GNU/Linux primer 2
This is a follow-up of the original primer based on the various questions asked by various individuals either through e-mail or through the comment system in the blog or otherwise. The rest of the blog-post would be attempting to give answers on the same.
Q. A GNU/Linux system is confusing
A. While by confusing it may have many/multiple meanings I am assuming one is inundated by the huge number of choices one faces. In that context :-
A GNU/Linux system is designed to be modular in nature giving as many choices and forks as possible. While making those choices may be overwhelming , I would argue that those those choices need to be there for one of the simplest reasons of all.
Many of these components/applications have small yet highly-talented teams who are delivering whatever solution they are doing. Now, which teams would be able to maintain a certain team commitment, be not outdated and be competitive is not known. This is the same for proprietary as well as free software.

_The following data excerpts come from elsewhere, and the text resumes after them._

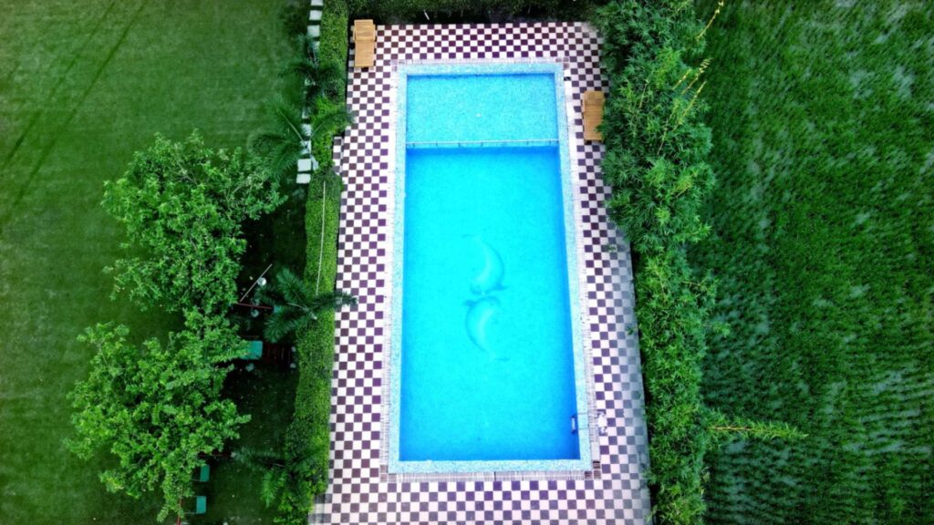 Swimming Pool – A serene oasis surrounded by lush greenery, perfect for relaxation.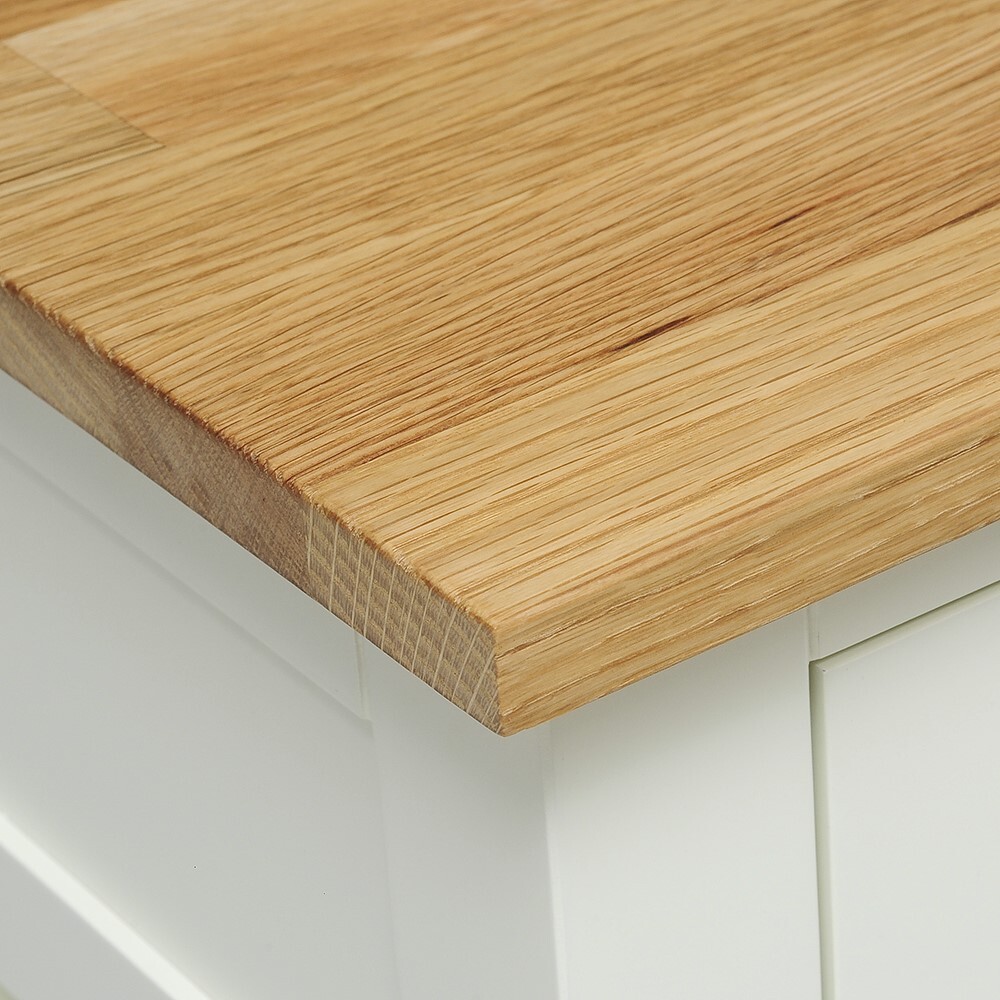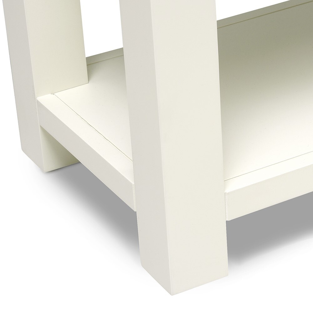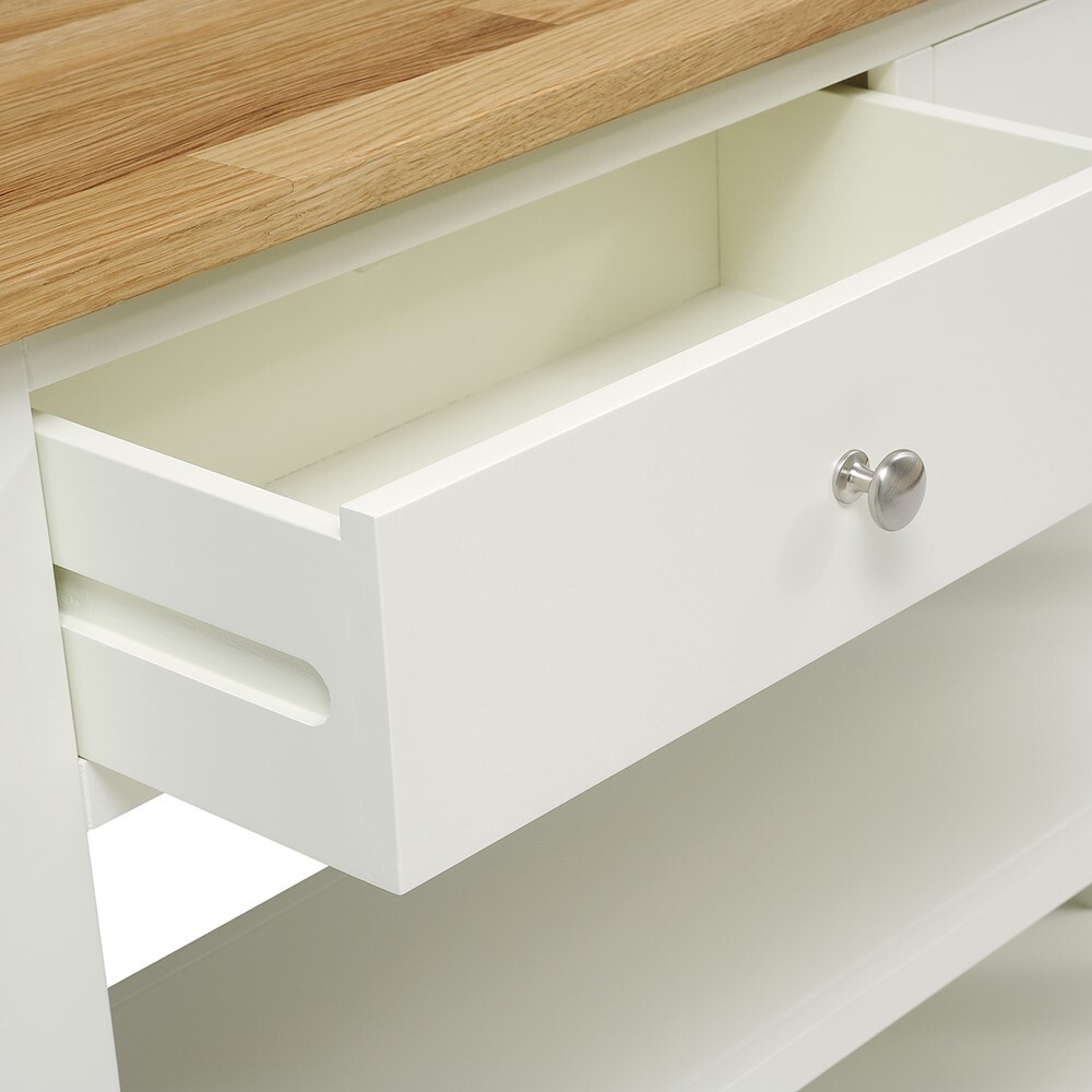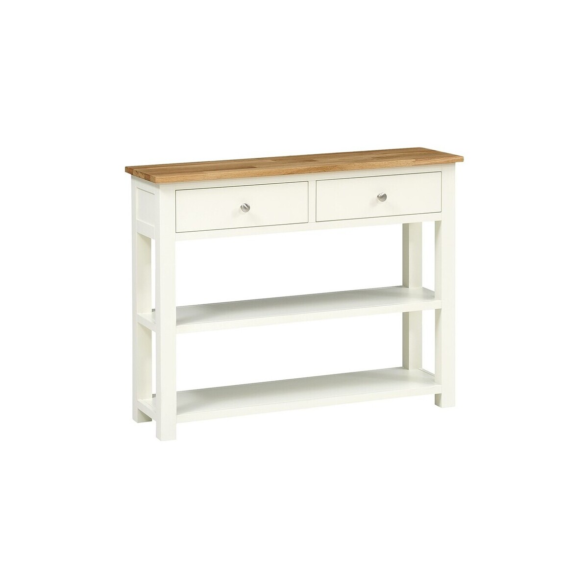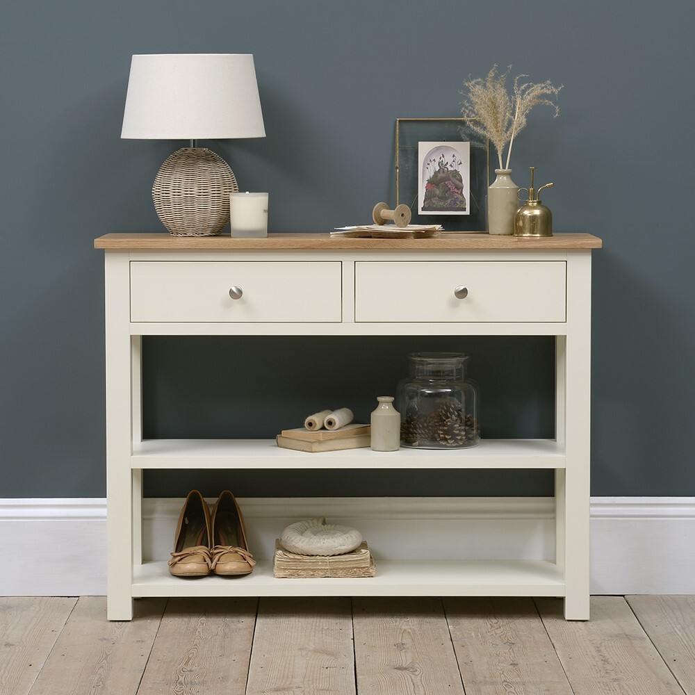 The perfect finishing touch to your hallway or indeed any room in your home. this charming shelved console table offers a wealth of open storage with two drawers to keep keys, notepads or other out-the-door items close at hand. Painted in a soft ivory it has a contrasting finger jointed top which has been lightly oiled to bring out the brilliance of the wood grain.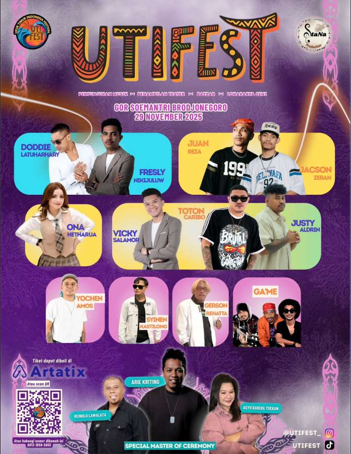 Jangan lewatkan kesempatan berharga menyaksikan langsung kemegahan budaya, energi yang membara, dan semangat persatuan yang dibawa oleh UTIFEST dalam konser akbar “Timur Bersinar, Nusantara Bergema” yang akan diselenggarakan pada Sabtu, 29 November 2025 bertempat di GOR Sumantri Brojonegoro Kuningan Jakarta. (*)

For e.g. right now, there is a huge transition happening on the KDE front i.e. KDE is making efforts at giving users and developers a much better nicer interface but its in a flux-mode which means its not stable.
Whereas GNOME is still travelling a non-breakage path for some duration.
Please be aware both of these are well-funded and run on quite a few free operating systems.
Q. why GNU/Linux implementation is so costly?
Q. Why is it not able to not cross 0.5 % of the desktop share market?
Q. They charge for everything, including training
Q. Finding GNU/Linux resources is difficult and costly.
This is all relative to the Windows experience.
A. Well, there are numerous questions to handle at one go and while I have not all the answers perhaps I will try to answer them one by one.
Here’s one partial answer to the question given above.
Osric Fernandes wites:-
if software only has a one-time development cost, then why do should we charge for each and every copy? If you want to have a business model around FOSS as a developer, you can charge a one-time, but high fee for developing customized software. You can also keep your development cost low, by reusing components from other FOSS projects rather than developing from scratch. You can also form a business model around supporting / maintaining software.
While this is a good answer as any but it doesn’t answer the whole question.
a. The first I would really like to attack is the argument that GNU/Linux hasn’t hit past the 0.5% , according to Gartner it has risen to 4% . The other thing that is not taken into account is that almost all the GNU/Linux desktop distros. have a policy of having an opt-in policy which basically asks when you are installing that do you want to push the stats to the server or not. In fact you will see many of the distributions being very open about what they do.
b. One of the simplest reason for this is that the distributions wants users to be comfortable. If they feel they can send everything from which version, what hardware, which packages and all these sorts of information. While much of this information may be benign, people may or may not do not want to do the same.
c. On a Windows machine whether one likes it or not, doesn’t matter if one is an authorized or a non-authorized user the license key is able to track how many desktops and all sorts of information is sent involuntarily the first time one connects to the Internet.
(Please be aware I am talking about explicitly distributions like Fedora, OpenSuse, Mandriva, Ubuntu and alike . Not the Enterprise ones)
d. One other reason is that the Windows ecosystem is a very IP-friendly ecosystem , where one is able to have NDA’s (Non-Disclosure Agreements) and everybody is happy.
Almost all of the users do not know that the price of the product also includes the cost of the drivers as well and the drivers too have a license and limitations therein.
Its not as if GNU/Linux does not have binary blobs, there are but they are generally frowned upon. Most of the stuff as far as drivers are concerned are reverse-engineered most of the times although the tide is changing as the recent Atheros code submission as well as the Radeon code drop although lots remain to be done .
g. Another thing is support for a commercial release in MS-Windows for a specific version/release is typically between 5-7 years while that in GNU/Linux can go anywhere from 7-9 years in the Enterprise stack while on the desktop it is anywhere between 1.5 years to 3 years (on GNU/Linux) while MS-Windows doesn’t really have any.
h. The rapid pace of development actually means that teaching material has to be constantly updated whether its programming, networking whatever whereas Windows seeks to do dramatic changes once in 4 years and then uses the next 4 years to make people understand what they have done.
i. Now in the public-domain if we take the Indian context, we have NCERT which takes a view on syllabus and stuff. How do we contend to have books which would be deprecated in a year or slighly more as technology is moving so fast. While on the Windows platform it is more or less stagnant.
j. If you look at the classifieds in newspapers, you will find cost of training perhaps 10-15% higher and the options a little limited but that is supply and demand economics which will turn with time.
k. The QA and testing done by people in the free software community is pretty small. These are normally done by people who love a certain distribution quite a bit, or some are paid by their employers to see if the latest version of a certain distro. does not break compatibility with their device. The latter although is rare . This may push up the cost a bit during implementation.
a. An errata from Redhat shows that the Enterprise versions go for 7 years or more as well.
b. Kernel releases roughly every 3 months
That is all from my side for the moment.